While the inline assistant requires explicit prompts, tab autocomplete runs continuously as you type. Zed's AI watches your code and suggests the next logical lines—without you asking.

How Tab Autocomplete Works

Tab autocomplete is always active (unless disabled). As you type, Zed analyzes your code and predicts what comes next. Ghost text appears in light gray, showing the suggestion. Press Tab to accept it, or keep typing to ignore it.

Example in action:

You type:

def celsius_to_fahrenheit(

Ghost text appears:

def celsius_to_fahrenheit(
    [celsius: float) -> float:]

Press Tab and it accepts. Your code is now:

def celsius_to_fahrenheit(celsius: float) -> float:

The AI inferred you wanted type hints and suggested a complete signature.

Configuring Autocomplete

Tab autocomplete settings live in settings.json:

"tab_completion": {
  "disable": false,
  "debounce_duration_ms": 500,
  "max_output_tokens": 1024,
  "model": "gpt-4o-mini"
}

• disable: Set to true to turn off autocomplete
• debounce_duration_ms: Delay before suggesting (500ms = wait half-second after you stop typing)
• max_output_tokens: Max length of suggestions
• model: Which AI to use (GPT-4 Mini recommended for speed)

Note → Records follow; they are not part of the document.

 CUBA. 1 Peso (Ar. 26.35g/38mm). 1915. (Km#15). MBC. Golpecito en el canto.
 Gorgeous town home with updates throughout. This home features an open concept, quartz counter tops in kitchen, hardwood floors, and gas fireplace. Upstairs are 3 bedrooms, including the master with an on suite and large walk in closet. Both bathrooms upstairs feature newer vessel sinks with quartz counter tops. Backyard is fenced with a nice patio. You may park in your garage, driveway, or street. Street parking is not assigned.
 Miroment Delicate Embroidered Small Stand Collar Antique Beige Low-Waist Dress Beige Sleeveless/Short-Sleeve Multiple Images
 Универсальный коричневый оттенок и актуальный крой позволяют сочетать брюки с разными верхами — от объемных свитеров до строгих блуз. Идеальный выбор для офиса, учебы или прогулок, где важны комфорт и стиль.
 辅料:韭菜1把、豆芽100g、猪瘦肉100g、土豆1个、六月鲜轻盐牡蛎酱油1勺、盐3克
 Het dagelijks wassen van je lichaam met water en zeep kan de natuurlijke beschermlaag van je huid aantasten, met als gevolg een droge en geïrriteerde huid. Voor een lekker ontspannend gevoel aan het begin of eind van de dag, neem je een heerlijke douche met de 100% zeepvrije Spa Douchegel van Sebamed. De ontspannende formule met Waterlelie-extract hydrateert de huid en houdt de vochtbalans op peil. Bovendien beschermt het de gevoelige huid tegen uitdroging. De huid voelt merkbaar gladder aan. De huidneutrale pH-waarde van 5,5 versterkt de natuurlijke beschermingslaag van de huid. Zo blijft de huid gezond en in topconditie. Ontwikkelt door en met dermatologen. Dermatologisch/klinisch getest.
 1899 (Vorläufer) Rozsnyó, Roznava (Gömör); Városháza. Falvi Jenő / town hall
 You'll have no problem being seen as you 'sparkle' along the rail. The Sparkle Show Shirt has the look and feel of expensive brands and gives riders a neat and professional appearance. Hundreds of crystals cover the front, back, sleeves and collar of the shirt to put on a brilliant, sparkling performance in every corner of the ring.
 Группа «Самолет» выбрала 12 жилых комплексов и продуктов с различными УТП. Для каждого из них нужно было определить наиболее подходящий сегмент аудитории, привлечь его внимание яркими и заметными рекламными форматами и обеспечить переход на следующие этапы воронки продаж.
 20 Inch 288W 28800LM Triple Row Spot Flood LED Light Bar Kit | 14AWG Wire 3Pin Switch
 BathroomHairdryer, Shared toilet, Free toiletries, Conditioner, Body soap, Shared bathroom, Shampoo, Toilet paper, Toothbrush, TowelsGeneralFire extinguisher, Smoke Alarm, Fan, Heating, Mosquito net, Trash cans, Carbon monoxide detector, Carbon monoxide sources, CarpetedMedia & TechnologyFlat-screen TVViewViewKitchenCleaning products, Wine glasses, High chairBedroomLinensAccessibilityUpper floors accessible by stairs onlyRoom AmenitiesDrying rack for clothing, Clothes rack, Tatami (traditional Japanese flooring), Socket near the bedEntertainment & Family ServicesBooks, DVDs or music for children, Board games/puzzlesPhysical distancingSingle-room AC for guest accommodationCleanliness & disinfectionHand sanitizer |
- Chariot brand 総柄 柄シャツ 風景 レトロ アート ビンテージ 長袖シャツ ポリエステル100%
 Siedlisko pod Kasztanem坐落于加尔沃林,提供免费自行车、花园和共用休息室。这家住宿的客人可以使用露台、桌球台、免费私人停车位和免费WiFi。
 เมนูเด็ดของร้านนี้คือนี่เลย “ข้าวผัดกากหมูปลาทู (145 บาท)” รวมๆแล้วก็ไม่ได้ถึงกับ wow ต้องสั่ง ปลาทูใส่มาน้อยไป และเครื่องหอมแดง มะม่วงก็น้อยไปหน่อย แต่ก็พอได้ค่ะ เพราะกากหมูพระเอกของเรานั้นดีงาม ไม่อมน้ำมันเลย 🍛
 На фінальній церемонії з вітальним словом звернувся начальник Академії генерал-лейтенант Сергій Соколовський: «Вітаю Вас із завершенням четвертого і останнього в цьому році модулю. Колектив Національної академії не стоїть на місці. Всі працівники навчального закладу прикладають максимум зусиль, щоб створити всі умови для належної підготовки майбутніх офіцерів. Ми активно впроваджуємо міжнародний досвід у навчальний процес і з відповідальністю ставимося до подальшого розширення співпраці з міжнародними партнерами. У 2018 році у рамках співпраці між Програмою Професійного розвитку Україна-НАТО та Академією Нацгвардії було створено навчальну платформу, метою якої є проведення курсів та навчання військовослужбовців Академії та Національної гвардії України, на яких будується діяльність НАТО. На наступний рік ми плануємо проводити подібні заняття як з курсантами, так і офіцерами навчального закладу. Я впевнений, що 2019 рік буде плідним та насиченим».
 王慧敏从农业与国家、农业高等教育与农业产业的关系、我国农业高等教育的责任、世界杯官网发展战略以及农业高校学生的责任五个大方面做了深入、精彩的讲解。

When Autocomplete Accelerates You

Autocomplete shines for predictable code patterns. The AI learns what you're likely to type next based on context.

High-leverage scenarios:

1. Function signatures — Type def and the AI suggests the full signature
2. Common patterns — Type if __name__ and it completes to if __name__ == "__main__":
3. List comprehensions — Type [x for and it suggests the full comprehension
4. Import statements — Type from typing and it suggests common imports

Low-leverage scenarios:

1. Novel logic — When writing something unique
2. Complex algorithms — Custom, domain-specific logic
3. One-off scripts — Code that won't repeat

Pro tip: Autocomplete is most valuable when writing boilerplate and common patterns. Let it handle the routine stuff while you focus on the unique logic.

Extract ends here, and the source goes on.